Synthetic lethal screens in yeast have been used to identify genes involved in cell polarity, secretion, DNA repair and cell cycle [27, 28]. Due to the high conservation of genome integrity and cell-cycle related genes from yeast to higher organisms and their close relation with cancer disease [29], massive screenings of yeast SL interactions can provide a valuable information for SL inference applied to novel cancer therapy search. We emphasize though that the aim of this work is not to provide a general inference method of SL network from one organism to another. Instead, it adds to the rationale of drug design by supplying a candidate-list of human gene pairs, potentially SL, that could constitute the basis for future pharmacological testing. Additionally, network thinking has provided an excellent framework for the study of very large genetic systems. In particular, gene-disease [30, 31], gene-target [32] and synthetic-lethal [23, 33, 34] network representations have contributed to the understanding of these systems as a whole. Following this approach, we integrate the information in a network framework from several databases in order to provide supporting evidence for candidates' reliability.

Methods

Our identification of potential anti-cancer gene targets proceeds through the integration of the biological information originating from different databases. Figure 2 illustrates the methodology for the data-collection process and for the selection of potential anti-cancer gene targets. The yeast SL network was constructed from the yeast SL interaction list available from BioGRID database [35]. In this network, nodes represent genes and the link between them indicates a SL interaction, i.e. when both are simultaneously mutated, a lethal condition is satisfied. The phylogenetic inference from yeast to human genes was obtained from the Ensembl database noteEnsembl: http://ftp.ensembl.org/pub/current_emf/ensembl_compara/homologies, March 3rd, 2008. The yeast-genes list belonging to SL network was contrasted with this database. The inferred human SL network (in short iHSLN) is then obtained by introducing the yeast SL interactions on their human phylogenetically-conserved counterparts, that is their orthologs (see also [36]). Subsequently, as we detail below, the resulting network was filtered by different biological databases for public use: 1) COSMIC and Cancer Gene Census, 2) Gene ontology and Gene ontology annotation (GO and GOA) and 3) DrugBank database.

Figure 2
figure 2

Schematic representation of our methodology. Potential anti-cancer gene-targets are proposed for future experimental validation.

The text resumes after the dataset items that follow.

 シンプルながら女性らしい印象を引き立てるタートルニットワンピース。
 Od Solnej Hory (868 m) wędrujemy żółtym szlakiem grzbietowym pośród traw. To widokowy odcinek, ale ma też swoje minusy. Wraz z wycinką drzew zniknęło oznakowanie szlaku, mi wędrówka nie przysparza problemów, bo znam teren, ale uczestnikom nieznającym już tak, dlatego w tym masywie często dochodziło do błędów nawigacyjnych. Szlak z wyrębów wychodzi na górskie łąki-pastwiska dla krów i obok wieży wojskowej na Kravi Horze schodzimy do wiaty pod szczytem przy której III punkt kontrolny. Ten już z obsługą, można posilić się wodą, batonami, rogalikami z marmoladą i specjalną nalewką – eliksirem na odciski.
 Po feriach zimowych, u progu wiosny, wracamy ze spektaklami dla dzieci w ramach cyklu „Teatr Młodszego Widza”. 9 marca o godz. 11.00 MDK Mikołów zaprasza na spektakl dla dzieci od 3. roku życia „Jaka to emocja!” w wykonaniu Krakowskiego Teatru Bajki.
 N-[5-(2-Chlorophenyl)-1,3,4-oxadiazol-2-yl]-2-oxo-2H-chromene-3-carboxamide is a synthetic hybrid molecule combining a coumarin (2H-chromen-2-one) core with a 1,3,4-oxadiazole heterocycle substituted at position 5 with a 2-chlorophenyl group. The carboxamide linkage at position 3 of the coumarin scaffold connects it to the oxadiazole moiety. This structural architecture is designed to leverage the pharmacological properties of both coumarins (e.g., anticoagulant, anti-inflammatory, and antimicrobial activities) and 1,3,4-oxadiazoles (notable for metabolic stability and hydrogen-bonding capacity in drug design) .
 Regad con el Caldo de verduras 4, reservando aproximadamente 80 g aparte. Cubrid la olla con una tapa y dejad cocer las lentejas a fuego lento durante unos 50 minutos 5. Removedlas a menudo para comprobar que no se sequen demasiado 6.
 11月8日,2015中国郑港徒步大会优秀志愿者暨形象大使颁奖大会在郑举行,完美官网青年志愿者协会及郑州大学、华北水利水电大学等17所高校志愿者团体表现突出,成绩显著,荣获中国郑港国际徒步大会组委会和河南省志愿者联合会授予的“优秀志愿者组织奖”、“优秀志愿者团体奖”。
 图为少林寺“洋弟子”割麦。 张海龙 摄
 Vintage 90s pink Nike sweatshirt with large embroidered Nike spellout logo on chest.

Obtaining the yeast synthetic lethal network

The collected data on yeast genetic screens including synthetic lethality is available at BioGRID database (version 2.0.38) [35]. From this data, we retain only those genes having a systematic name as it appears in http://www.yeastgenome.org. The resultant compilation is derived from 1233 articles, with half of the total of 12707 SL relations being contained in five main articles [16, 27, 28, 37, 38]. As commented above, the data consists of knock-out and hypomorph experiments, with the latter corresponding to essential genes [16]. The list of essential genes has been downloaded from the Saccharomyces Genome Deletion Project http://www-sequence.stanford.edu/group/yeast_deletion_project/deletions3.html.

Obtaining the iHSLN

Homologs between H. Sapiens and S. cerevisiae were obtained by similarity measures from the whole-genome multiple alignments by the Ensembl comparative genomics team. Human genes in this study were named according to HUGO gene nomenclature committee (HGNC http://www.genenames.org/). Each entry of the homology data file contains gene's evolutionary history corresponding to a gene tree that diverged from a common ancestor (see Figures 3 and 4). In our study, gene conservation in yeast and human can be summarized in three types of relations. The simplest case corresponds to one-to-one relation between yeast and human genes (orthologous relation). However, duplication events during evolution led to two alternative cases (see Figure 3B), where one yeast gene has more than one human homolog (one-to-m relation), and vice versa (n-to-one relation) [36]. The case of n-to-m was rarely encountered (Figure 3C). A yeast-human inference relation is straightforward for the one-to-one cases, and the human gene inherits the SL neighbors of its yeast homolog. On the contrary, the paralog cases require the introduction of approximate relations. More precisely, we manually curated all the cases where the inference is not one-to-one. For the one-to-m cases, we collapsed the multiple human genes into a single node that inherits the SL links of the yeast ortholog (Figure 4A). This situation does not affect the pattern of interactions derived from yeast SL network. In addition, by checking the biological function of these m human genes, we classify them into subsets of similar functions, and collapse these subsets into separate nodes. Thus a yeast gene having m orthologs might correspond to more than one node in the human SL network. Again, we emphasize the distinction between the single-gene nodes in the yeast SL network and the potentially multiple-gene nodes in the iHSLN. The statistics of the genes vs nodes the from gene-inference process is illustrated in Figure 5.

Figure 3
figure 3

The orthology relation in the process of yeast-to-human inference method. The one-to-one case of one yeast gene having one human homolog (A). The n-to-one case of several human genes having the same yeast homolog (B). The one-to-m case can be defined analogously. The n-to-m is a very rare case where more than one human gene are homologs of more than one yeast gene (C).

Figure 4
figure 4

Gene-node convention for the iHSLN construction. Every node in yeast SL network (YSLN) has associated gene. (A) For n-to-one, the corresponding node in the iHSLN contains the human paralogs of the yeast homologous counterpart. (B) In the case that two SL yeast partners are phylogenetically related to a single human gene, an autolink appears in the human SL network. This is and artifact of the method. However, we have kept this information to provide a more detailed picture in case such a node is a suitable candidate.

Figure 5
figure 5

The statistics of the genes vs nodes the from gene-inference process.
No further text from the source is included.